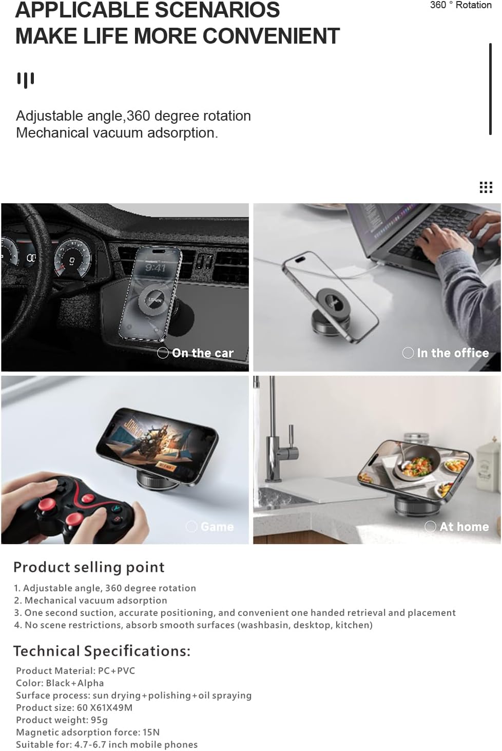 【مثالي لمختلف السيناريوهات】: يعمل على الأسطح الملساء مثل الأبواب الزجاجية وبلاط السيراميك وأسطح الأكريليك والمعدن المصقول والستانلس ستيل والألومنيوم والكروم والجدران المطلية الملساء (خاصة مع اللمسات النهائية اللامعة أو شبه اللامعة). حامل هاتف السيارة هذا مناسب أيضًا للرخام المصقول أو الجرانيت، وعادة ما يوجد في أسطح الطاولات؛ والأسطح الخشبية الملساء أو المصقولة أو المغلقة؛ والأسطح البلاستيكية الناعمة الأخرى.
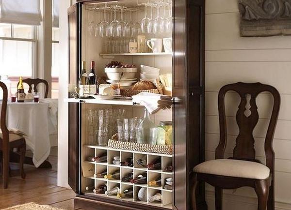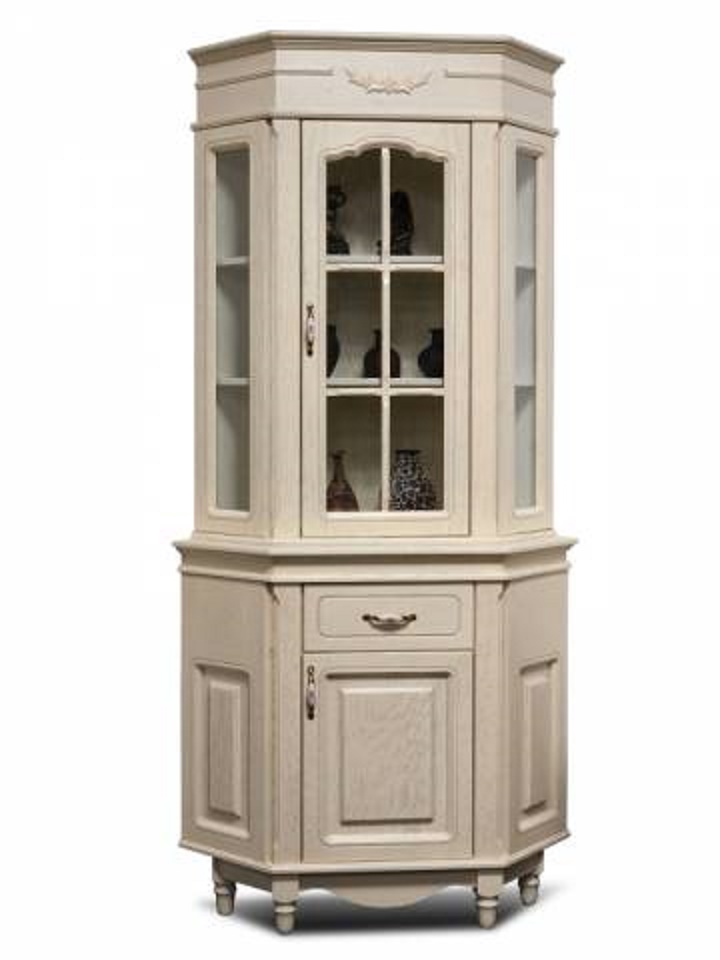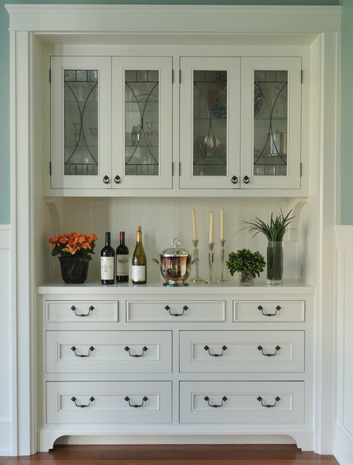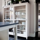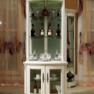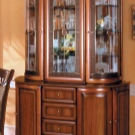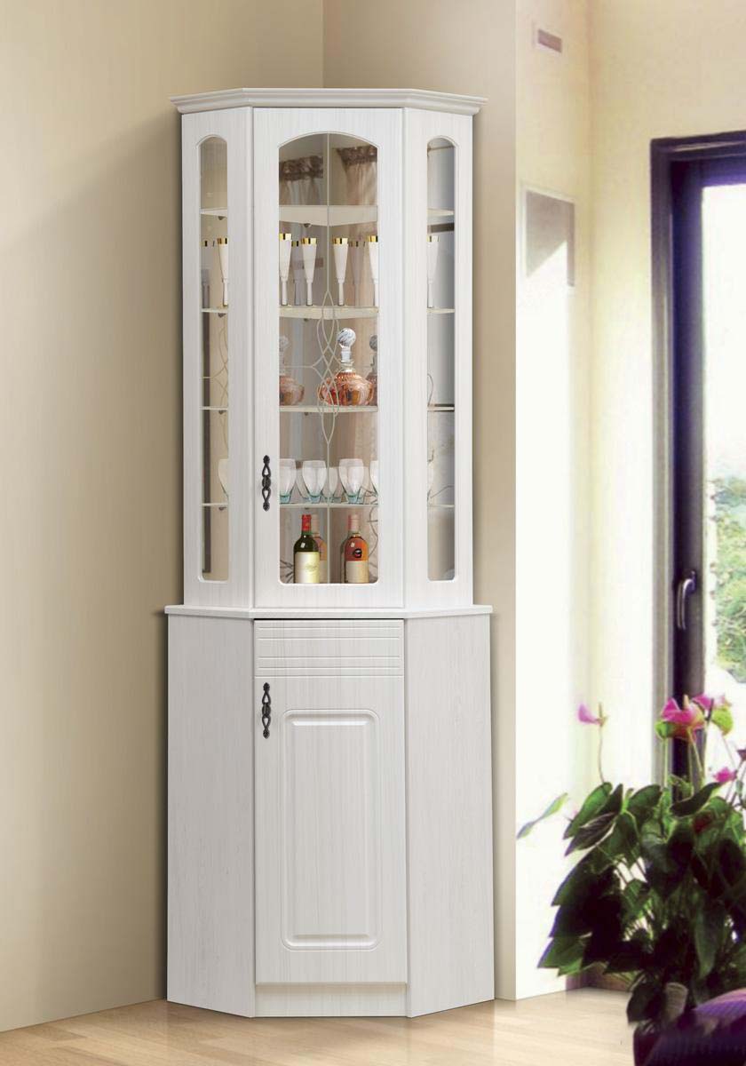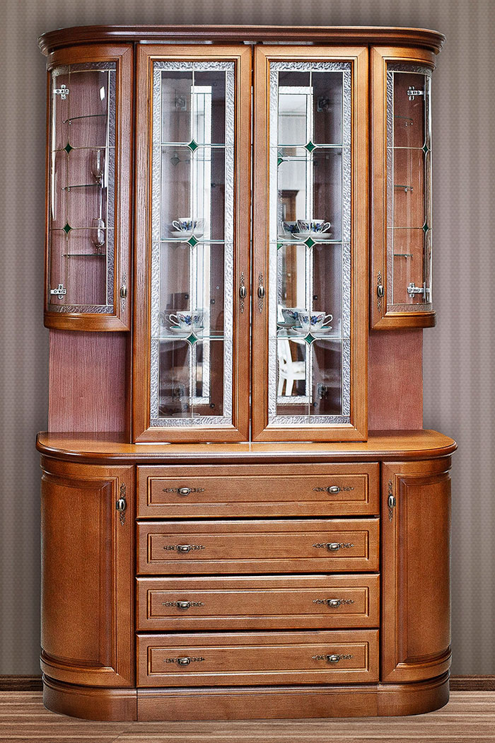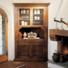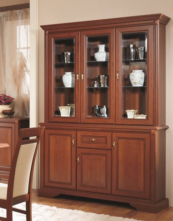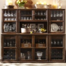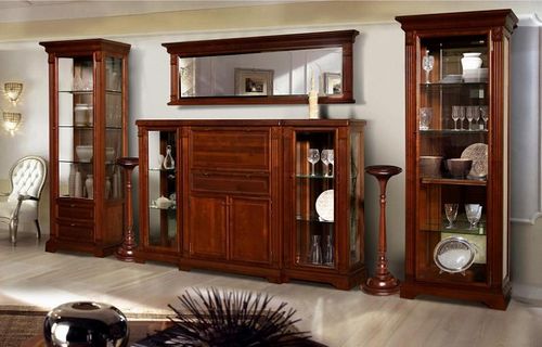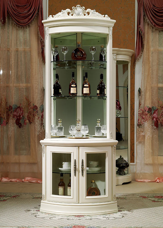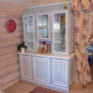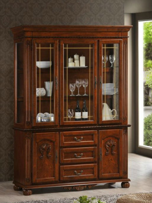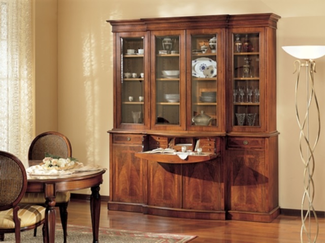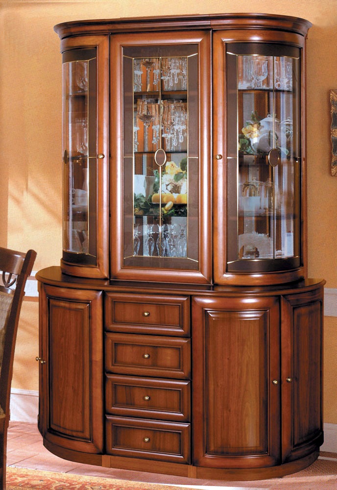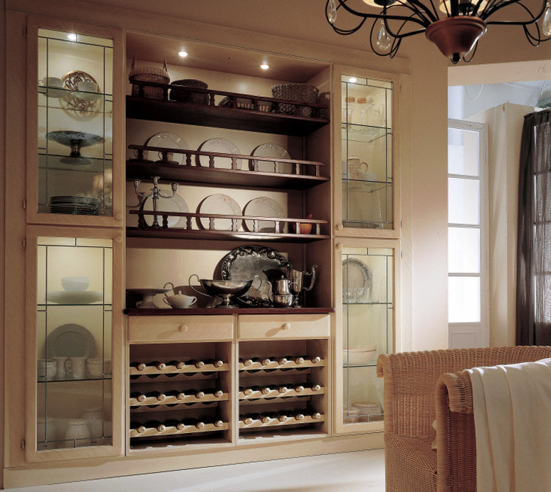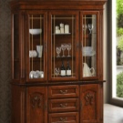 Dies ist ein Bodenschrank mit transparenten Glastüren. Solch ein Schrank sollte am sichtbarsten Platz sein. Er fragt in der geräumigen Küche oder im Gäste-Esszimmer. Es kann sowohl hoch als auch klein sein.
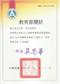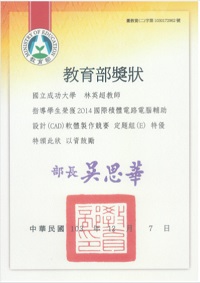 2014Dec 7CAD Contest 優等學生張鶴騰 陳境圃 獲得2014國際積體電路電腦輔助設計體製作競賽 優等
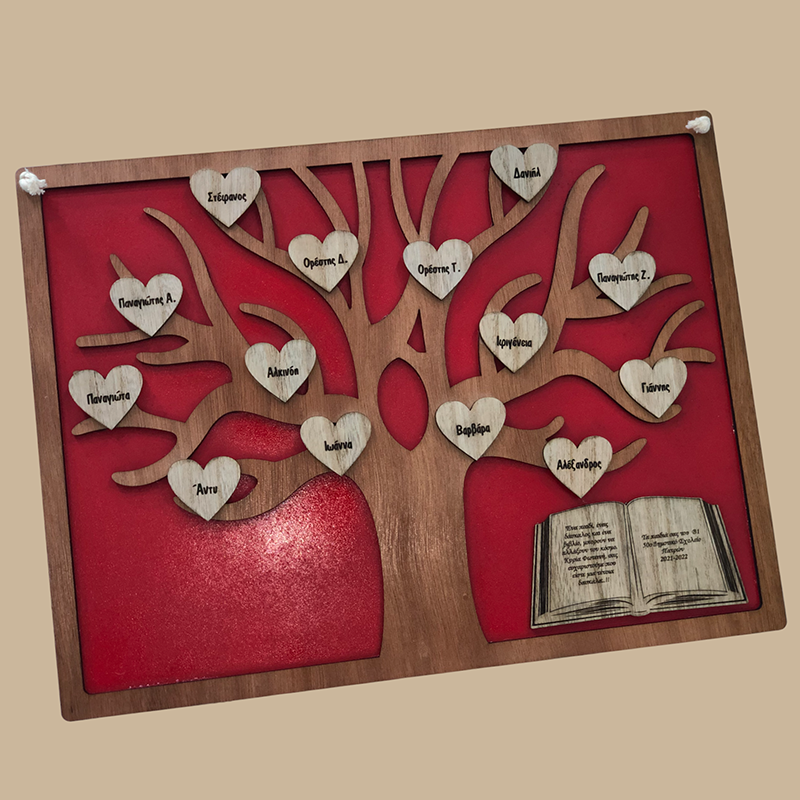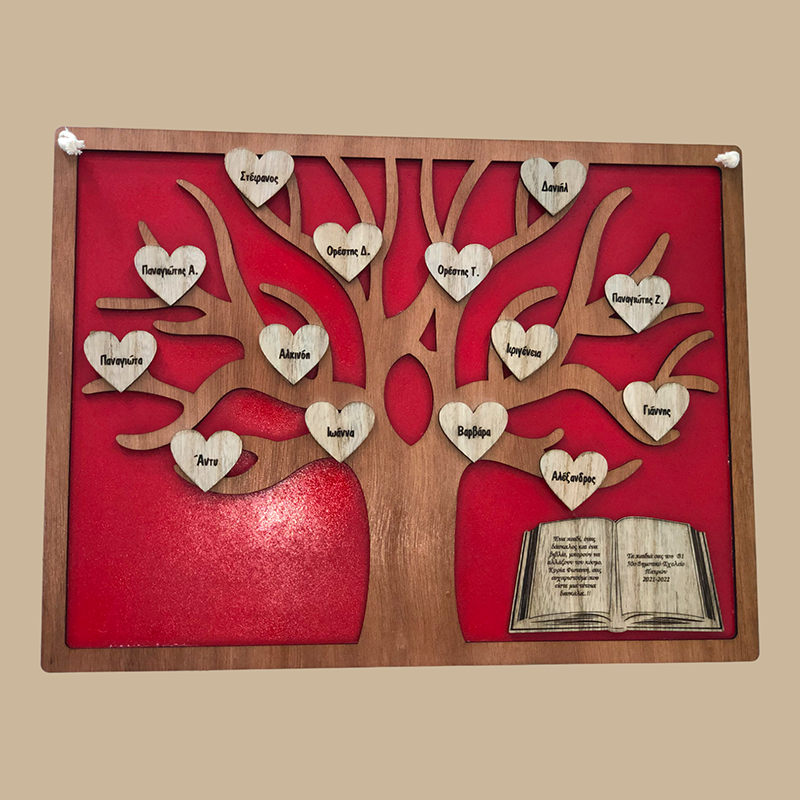 Χειροποίητο αναμνηστικό κάδρο, από ξύλο κόντρα πλακέ, με θέμα ένα δεντράκι, διακοσμημένο με τα ονόματα των μαθητών χαραγμένα επάνω σε καρδούλες και ένα βιβλίο με χαραγμένη αφιέρωση για τους δασκάλους!
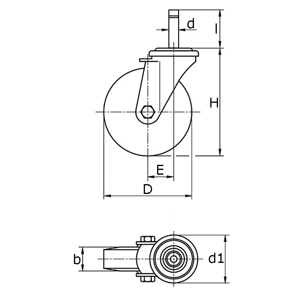 - Apparatus swivel castors with stem fitting and a TPE tyre on a plastic rim are available in wheel sizes from Ø50mm
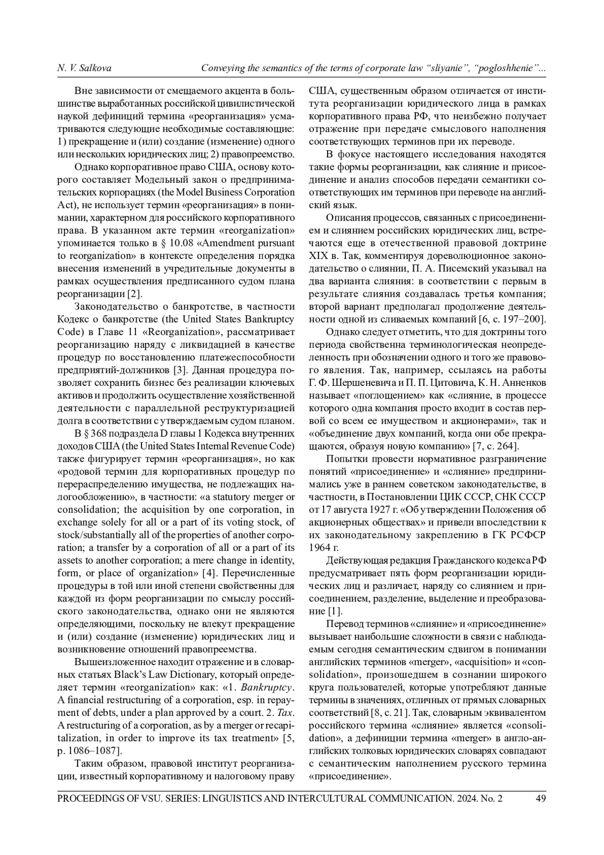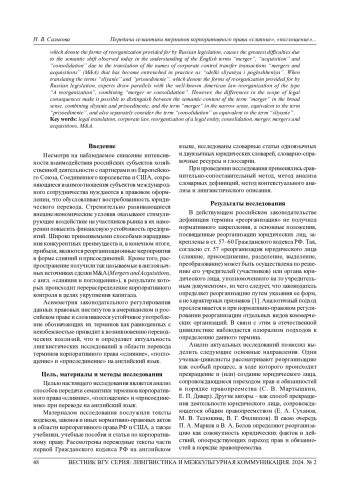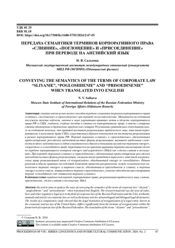 Статья имеет целью анализ способов передачи семантики терминов корпоративного права «слияние», «поглощение» и «присоединение» при переводе на английский язык. Материалом исследования послужили тексты кодексов, законов и иных нормативно-правовых актов в области корпоративного права РФ и США, учебники, учебные пособия и статьи по корпоративному праву, а также словарные статьи одноязычных и двуязычных юридических словарей. Результаты сравнительно-сопоставительного исследования показали, что правовой институт реорганизации юридического лица, известный корпоративному и налоговому праву США, существенным образом отличается от института реорганизации в рамках корпоративного права РФ. Перевод терминов «слияние» и «присоединение», обозначающих предусмотренные российским законодательством формы реорганизации, вызывает наибольшие сложности в связи с наблюдаемым сегодня семантическим сдвигом в понимании английских терминов «merger», «acquisition» и «consolidation» ввиду закрепившегося на практике варианта перевода наименования сделок по передаче корпоративного контроля «mergers and acquisitions» (M&A) как «сделки слияния и поглощения». При переводе терминов «слияние» и «присоединение», обозначающих предусмотренные российским законодательством формы реорганизации, специалистами проводятся параллели с известной американскому праву реорганизацией типа «A reorganization», объединяющей «merger or consolidation». Однако различия в объеме правовых последствий позволяют провести разграничение между семантическим наполнением термина «merger» в широком смысле, объединяющего присоединение и слияние, и термина «merger» в узком смысле, эквивалентного термину «присоединение», а также обособленно рассматривать термин «consolidation» как эквивалент термина «слияние».
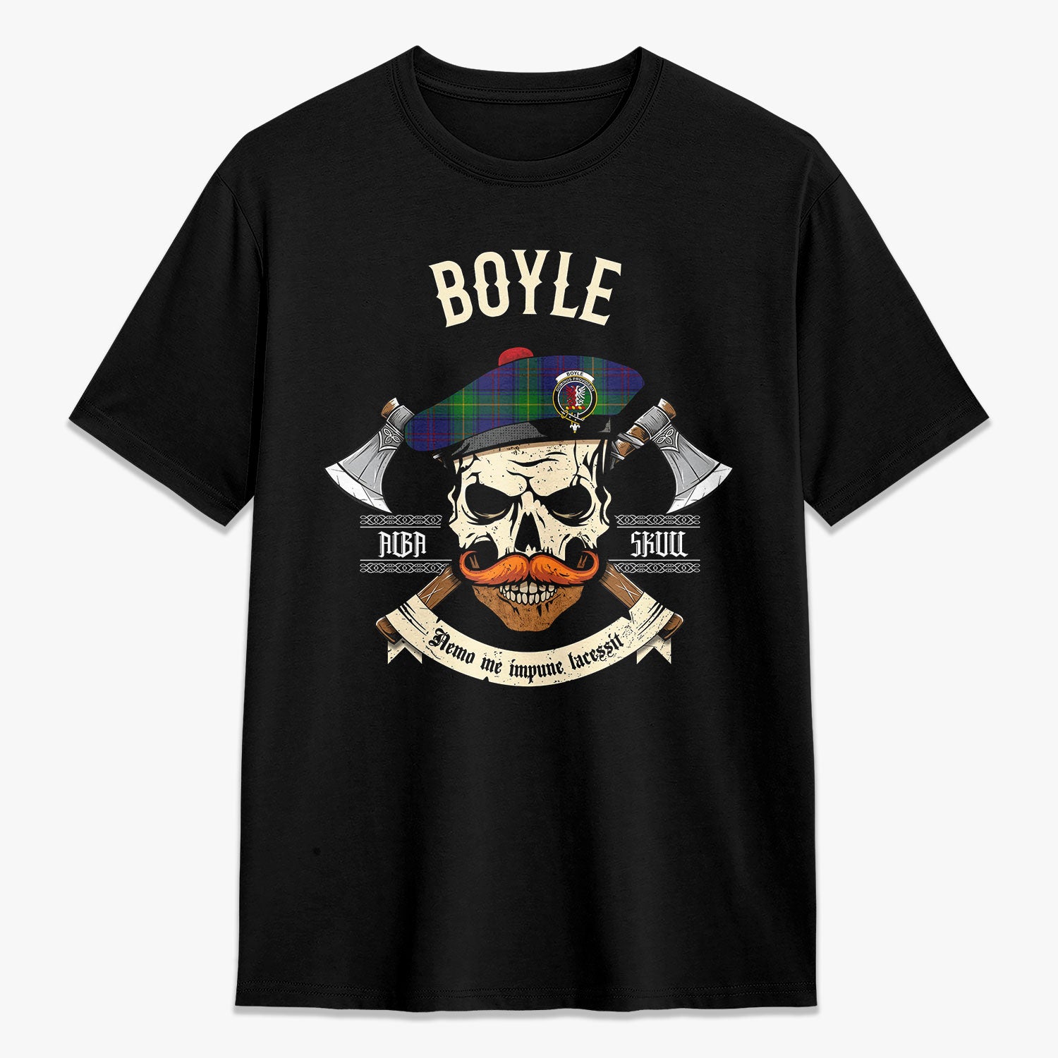 Boyle Tartan Crest 2D T-shirt - Alba Skull Style,
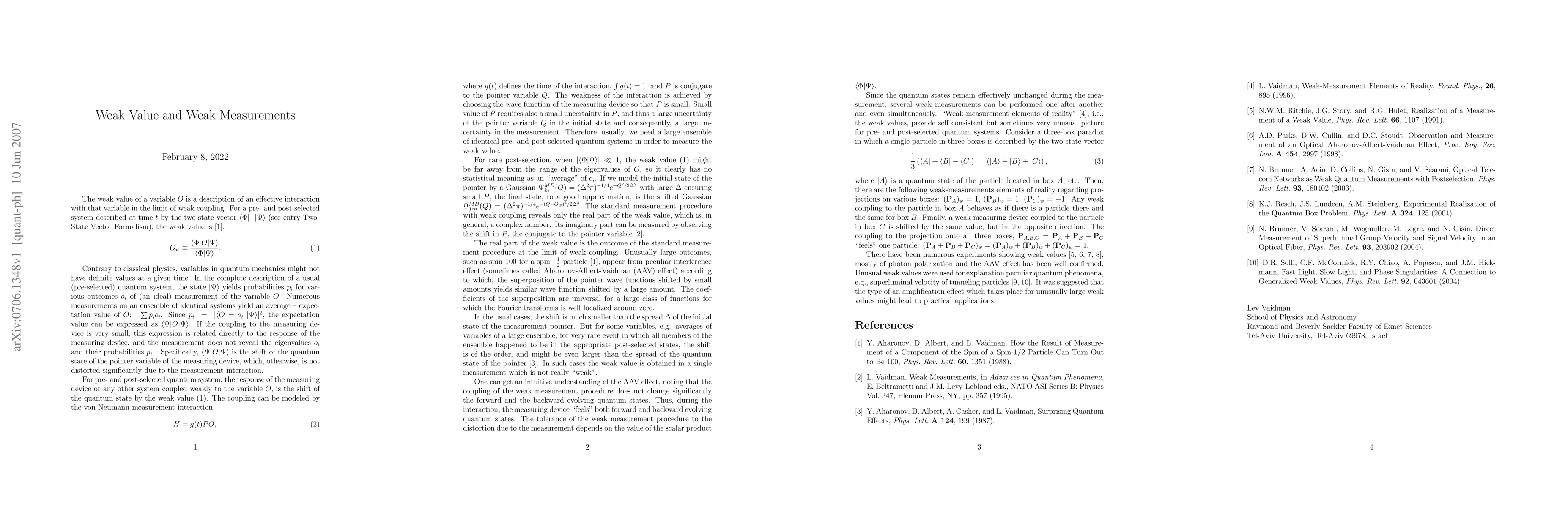 Summary: This paper explores the concept of weak values in quantum mechanics, emphasizing their significance in weak coupling interactions for pre- and post-selected quantum systems. It highlights the implications of weak measurements in understanding quantum phenomena.
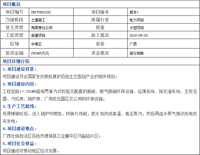 近期優(yōu)質(zhì)電力項目一覽,涉及大唐青島燃氣熱電有限責任公司天然氣熱電聯(lián)產(chǎn)工程、百色百礦集團有限公司(德保)高性能鋁材一體化項目電源工程、山東豐源生物質(zhì)發(fā)電股份公司燃氣-蒸汽聯(lián)合循環(huán)熱電聯(lián)產(chǎn)項目等,詳情如下

TASK OBJECTIVE:
Reproduce the lines from the line containing "Summary: This paper" through the end of the records above, exactly and inclusively, omitting pictures.

SOLUTION TO THE PROBLEM:
 Summary: This paper explores the concept of weak values in quantum mechanics, emphasizing their significance in weak coupling interactions for pre- and post-selected quantum systems. It highlights the implications of weak measurements in understanding quantum phenomena.
 近期優(yōu)質(zhì)電力項目一覽,涉及大唐青島燃氣熱電有限責任公司天然氣熱電聯(lián)產(chǎn)工程、百色百礦集團有限公司(德保)高性能鋁材一體化項目電源工程、山東豐源生物質(zhì)發(fā)電股份公司燃氣-蒸汽聯(lián)合循環(huán)熱電聯(lián)產(chǎn)項目等,詳情如下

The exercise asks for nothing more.